Multiple updates's or a single large one?
I'm building a system employing Data Access Objects to abstract the database completely, now, I'm not a newbie in the matters of DBMS behaviors but I don't know of is update behaviors.
So, the system is something like this..
There is a base object which is called an "entity" this possess basic attributes like the entities id, the owners id, time created, etc.
The base object is then extend by, let's say, a user entity, which possesses other basic attributes like username, password, email, etc.
This user entity is then extend by the Agent entity which in turn possesses attributes like, office address, office phone, etc.
A single large update will look something like this,
The update may join up to 5,6 tables each having perhaps 6-10 attributes.
This system coupled with Zend's ORM insures maximum code portability, the reason this is so important is because we're employing both Microsoft SQL servers, MySQL servers and a Key Value database modeled after Tokyo Tyrant ( I'll be adding custom support to the ORM for this ).

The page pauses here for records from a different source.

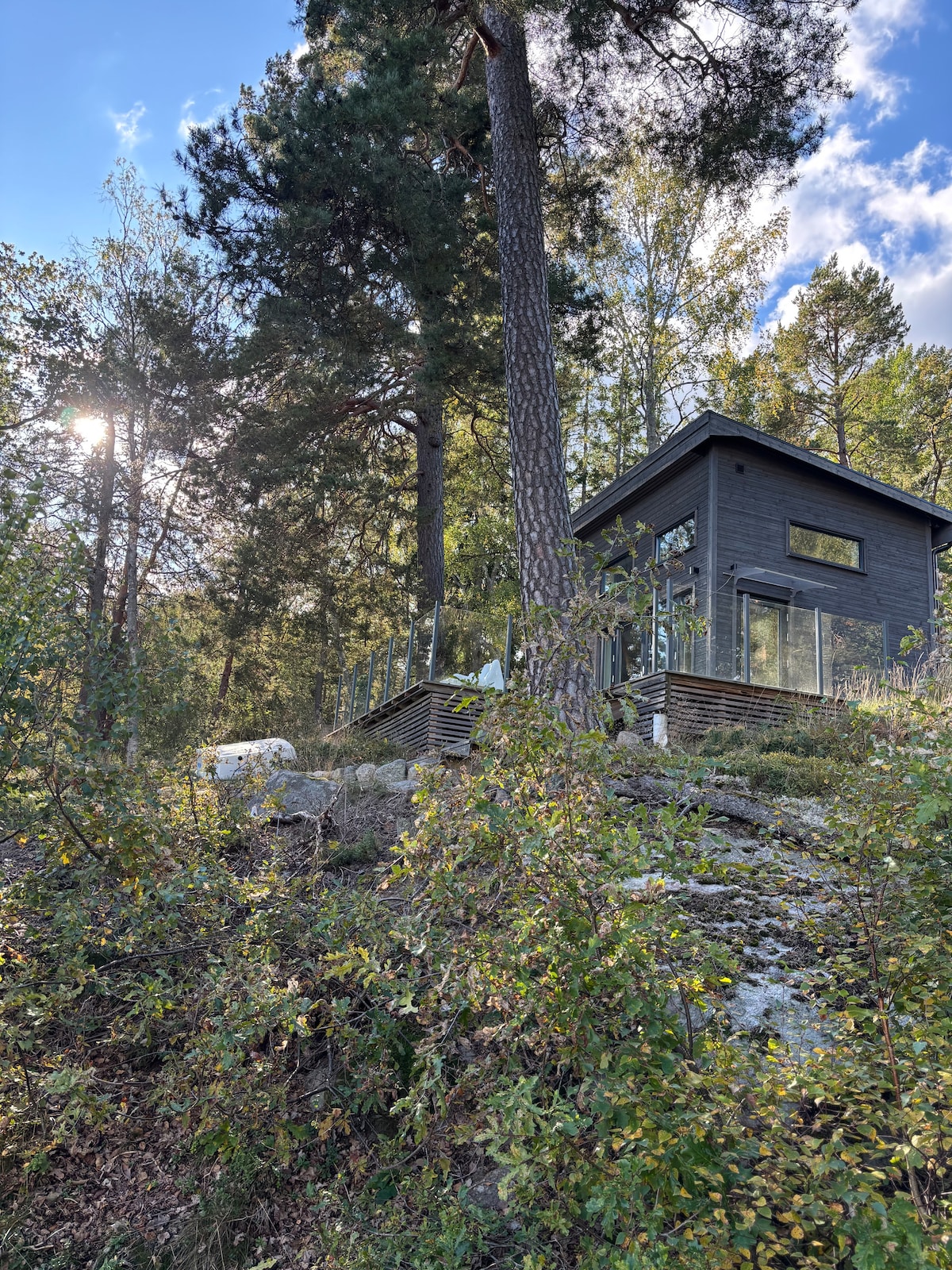 Njut av lugnet och kaffet med sjöutsikt på altanen eller bryggan några steg bort, med ett morgondopp i soluppgången i detta unika hus. - Avskilt på en naturtomt med blåbärsris och skogen runt knuten – en plats där du kan njuta av både stillhet och komfort. - Modernt, fullt utrustat kök, badrum (dusch + tvättmaskin), mysigt loft med dubbelsäng. Allt för en avkopplande vistelse – nära naturen men med hemmets alla bekvämligheter. Direktbussar till city+båt till stan och vidare ut i skärgården.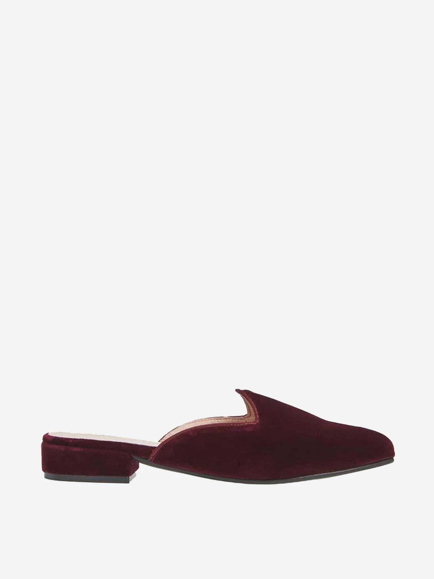Dense velvet imparts lustrous depth to a simple, elegant Spanish-made mule lifted by a low heel.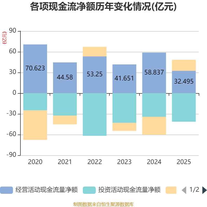 截至2025年,公司经营活动现金流净额为32.49亿元,同比下降44.77%;筹资活动现金流净额15.94亿元,同比增加41.8亿元;投资活动现金流净额-41.36亿元,上年同期为-34.39亿元。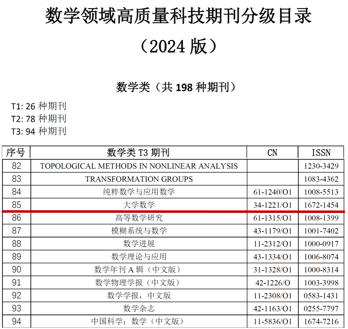 8月22日,中国数学会发布了“数学领域高质量科技期刊分级目录(2024版)”的评选结果。中国数学会“数学领域高质量科技期刊分级目录(2024版)”数学类共计198种期刊,其中只有10种中文期刊,包括中国科学(数学)、数学学报、数学进展等传统的高水平期刊...

The reason for this is PHP it to slow handle some of the data handling we'll be doing so part of the company independently developed and deployed the scraping server in C# & MSSQL which is archetypal to our application. So, some users, like agents may be on the server sharing a connection with the MSSQL server while others may be on the MySQL servers ( cost efficiency, hardware is cheap, software is not ). So, it really makes no sense to fork the source in such a way that the individual copies have queries which are molded around the particularities of the DBMS they're interacting with, thus this system was born.